Modern organizations (e.g., hospitals, social networks, government agencies) rely heavily on audit to detect and punish insiders who inappropriately access and disclose confidential information. Recent work on audit games models the strategic interaction between an auditor with a single audit resource and auditees as a Stackelberg game, augmenting associated well-studied security games with a configurable punishment parameter. We significantly generalize this audit game model to account for multiple audit resources where each resource is restricted to audit a subset of all potential violations, thus enabling application to practical auditing scenarios. We provide an FPTAS that computes an approximately optimal solution to the resulting non-convex optimization problem.
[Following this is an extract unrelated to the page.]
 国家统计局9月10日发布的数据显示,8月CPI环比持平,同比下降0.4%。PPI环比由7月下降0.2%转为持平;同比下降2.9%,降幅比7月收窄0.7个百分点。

The main technical novelty is in the design and correctness proof of an optimization transformation that enables the construction of this FPTAS. In addition, we experimentally demonstrate that this transformation significantly speeds up computation of solutions for a class of audit games and security games.

Jeremiah Blocki, Nicolas Christin, Anupam Datta et al.
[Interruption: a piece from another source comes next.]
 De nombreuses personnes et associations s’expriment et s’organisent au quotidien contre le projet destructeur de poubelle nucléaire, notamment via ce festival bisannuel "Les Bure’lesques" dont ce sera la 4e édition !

Effective enforcement of laws and policies requires expending resources to prevent and detect offenders, as well as appropriate punishment schemes to deter violators. In particular, enforcement of privacy laws and policies in modern organizations that hold large volumes of personal information (e.g., hospitals, banks, and Web services providers) relies heavily on internal audit mechanisms. We study economic considerations in the design of these mechanisms, focusing in particular on effective resource allocation and appropriate punishment schemes. We present an audit game model that is a natural generalization of a standard security game model for resource allocation with an additional punishment parameter. Computing the Stackelberg equilibrium for this game is challenging because it involves solving an optimization problem with non-convex quadratic constraints. We present an additive FPTAS that efficiently computes a solution that is arbitrarily close to the optimal solution.

Nicolas Christin

We perform a comprehensive measurement analysis of Silk Road, an anonymous, international online marketplace that operates as a Tor hidden service and uses Bitcoin as its exchange currency. We gather and analyze data over eight months between the end of 2011 and 2012, including daily crawls of the marketplace for nearly six months in 2012. We obtain a detailed picture of the type of goods being sold on Silk Road, and of the revenues made both by sellers and Silk Road operators. Through examining over 24,400 separate items sold on the site, we show that Silk Road is overwhelmingly used as a market for controlled substances and narcotics, and that most items sold are available for less than three weeks. The majority of sellers disappears within roughly three months of their arrival, but a core of 112 sellers has been present throughout our measurement interval. We evaluate the total revenue made by all sellers, from public listings, to slightly over USD 1.2 million per month; this corresponds to about USD 92,000 per month in commissions for the Silk Road operators. We further show that the marketplace has been operating steadily, with daily sales and number of sellers overall increasing over our measurement interval. We discuss economic and policy implications of our analysis and results, including ethical considerations for future research in this area.